Leaving out the images, reproduce every line of the data that follows exactly.

◆ Data excerpt:
"""
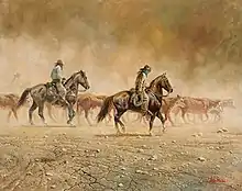 Realism differentiated Abeita's art from that of most traditional Native American artists,[17] as did his use of oil at a time when most Navajo art was being done with watercolor and casein.[13] The Native American flat-style approach, depicting subjects without shadow or depth, developed during the 1920s and 1930s and still predominated in the 1970s. Abeita chose instead to work in styles inspired by modern Western American artists, creating paintings that appear three-dimensional. One of his major inspirations was Frederic Remington and his paintings of the American Old West. Abeita has called himself a "Western-Indian" artist.[3][1][18][3][17] In 1997, Abeita's work was described as being in the "Transitional Modernism" style, representing a traditional Native American way of life using Modernist techniques and principles.[19]
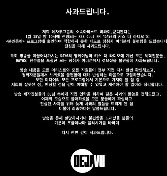 저희 데자부그룹의 소속 아티스트 비와이, 쿤디판다는 1월 15일 밤 10시에 진행되는 KBS Cool FM 'DAY6의 키스 더 라디오'에 소속 아티스트 비와이, 쿤디판다가 <본인등판> 프로그램에 출연하여 적합하지 못한 태도로 청취자 여러분께 불편함을 드렸습니다. 진심을 다해 사과드립니다"라고 운을 뗐다.
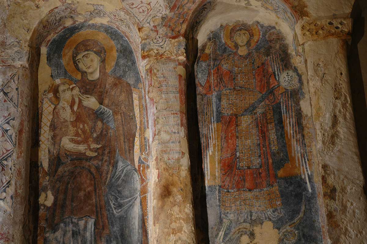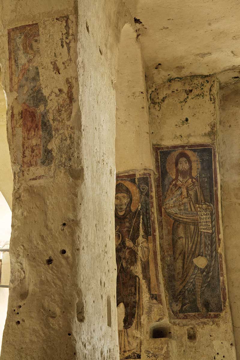 Racchiusi nel complesso testimonianza delle comunità monastiche a Matera, di particolare bellezza e importanza storico-artistica sono gli antichissimi affreschi che in parte decorano le pareti del complesso, tra tutti: La Madonna del Latte (1270) e, nella nicchia accanto, San Michele Arcangelo (1250), oltre a quello che per molti studiosi sarebbe San Gregorio (XIII sec.), per altri San Donato, e ancora San Benedetto – a testimonianza dell’origine benedettina del complesso – e Santa Scolastica, entrambi fondatori dei grandi ordini monastici del periodo.
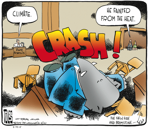 Morning, everyone. I hope the R members of Congress don’t make fools of themselves during the pope’s address. They are such an international embarrassment. The next three weeks will be giddy/exhausting/hectic for me. Son arrives tomorrow at noon for two week stay and then our three-year old granddaughter is staying with us for a week on her own. So much to do, so much to plan, including a big Salsa the Vote event on November 1. Hope everyone has a great and glorious Fall day.
"""
◆ Output of the exercise:
 Realism differentiated Abeita's art from that of most traditional Native American artists,[17] as did his use of oil at a time when most Navajo art was being done with watercolor and casein.[13] The Native American flat-style approach, depicting subjects without shadow or depth, developed during the 1920s and 1930s and still predominated in the 1970s. Abeita chose instead to work in styles inspired by modern Western American artists, creating paintings that appear three-dimensional. One of his major inspirations was Frederic Remington and his paintings of the American Old West. Abeita has called himself a "Western-Indian" artist.[3][1][18][3][17] In 1997, Abeita's work was described as being in the "Transitional Modernism" style, representing a traditional Native American way of life using Modernist techniques and principles.[19]
 저희 데자부그룹의 소속 아티스트 비와이, 쿤디판다는 1월 15일 밤 10시에 진행되는 KBS Cool FM 'DAY6의 키스 더 라디오'에 소속 아티스트 비와이, 쿤디판다가 <본인등판> 프로그램에 출연하여 적합하지 못한 태도로 청취자 여러분께 불편함을 드렸습니다. 진심을 다해 사과드립니다"라고 운을 뗐다.
 Racchiusi nel complesso testimonianza delle comunità monastiche a Matera, di particolare bellezza e importanza storico-artistica sono gli antichissimi affreschi che in parte decorano le pareti del complesso, tra tutti: La Madonna del Latte (1270) e, nella nicchia accanto, San Michele Arcangelo (1250), oltre a quello che per molti studiosi sarebbe San Gregorio (XIII sec.), per altri San Donato, e ancora San Benedetto – a testimonianza dell’origine benedettina del complesso – e Santa Scolastica, entrambi fondatori dei grandi ordini monastici del periodo.
 Morning, everyone. I hope the R members of Congress don’t make fools of themselves during the pope’s address. They are such an international embarrassment. The next three weeks will be giddy/exhausting/hectic for me. Son arrives tomorrow at noon for two week stay and then our three-year old granddaughter is staying with us for a week on her own. So much to do, so much to plan, including a big Salsa the Vote event on November 1. Hope everyone has a great and glorious Fall day.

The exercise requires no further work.